**WHAT YOU HAVE TO DO:** Every line in the data below has to be repeated exactly; no picture belongs in the result.

┌─ GIVEN DATA

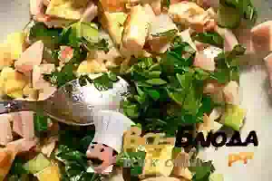 7. Листья петрушки мелко порубите, и добавьте к салату.
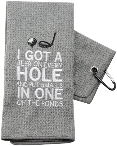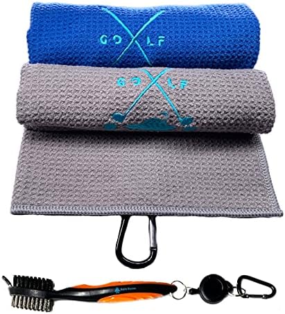 Ralch Wysom 2Packs Golf Towels for Golf Bags with Carabiner Clip Brush for Men Women, Waffle Microfiber Fabric Grey/Blue Sport Travel Accessories for Ball Clean Wiping Sweat,Size16 x24
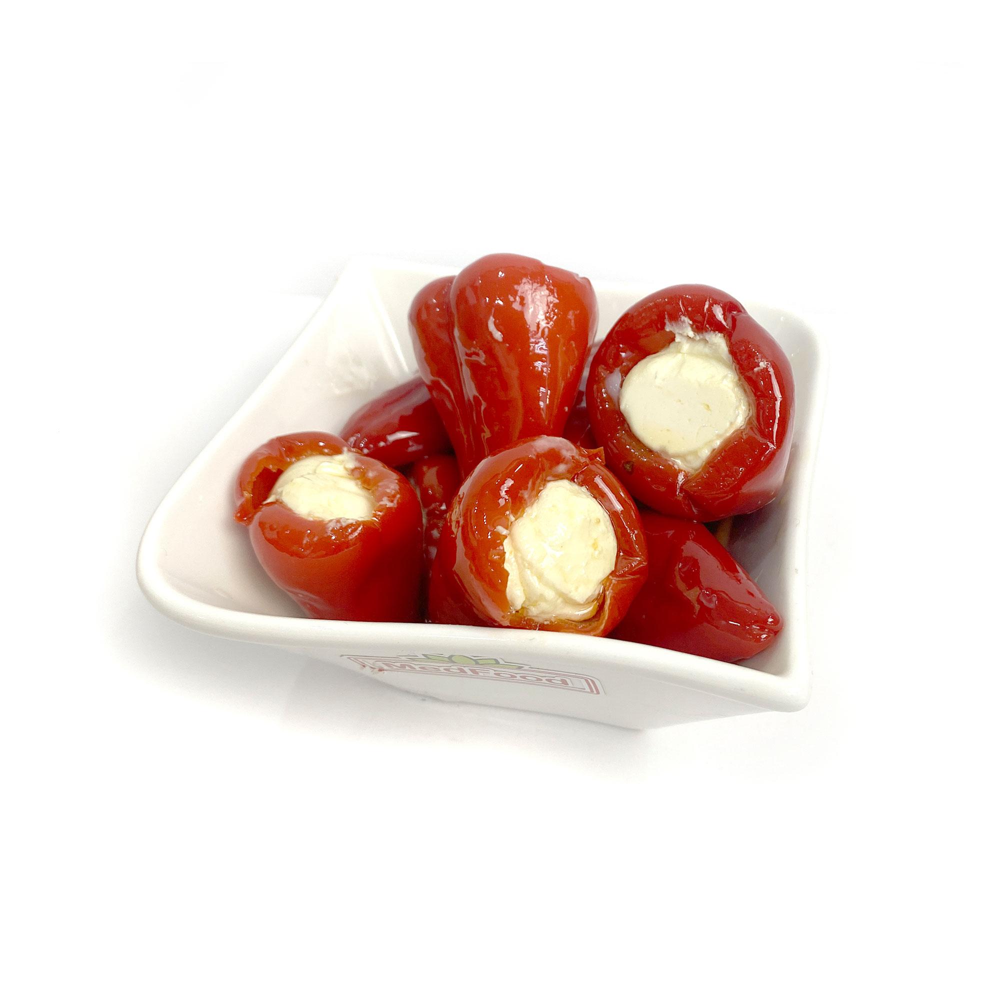 Red African peppers stuffed with cream cheese in sunflower oil.

└─

**EXPECTED OUTPUT:**
 7. Листья петрушки мелко порубите, и добавьте к салату.
 Ralch Wysom 2Packs Golf Towels for Golf Bags with Carabiner Clip Brush for Men Women, Waffle Microfiber Fabric Grey/Blue Sport Travel Accessories for Ball Clean Wiping Sweat,Size16 x24
 Red African peppers stuffed with cream cheese in sunflower oil.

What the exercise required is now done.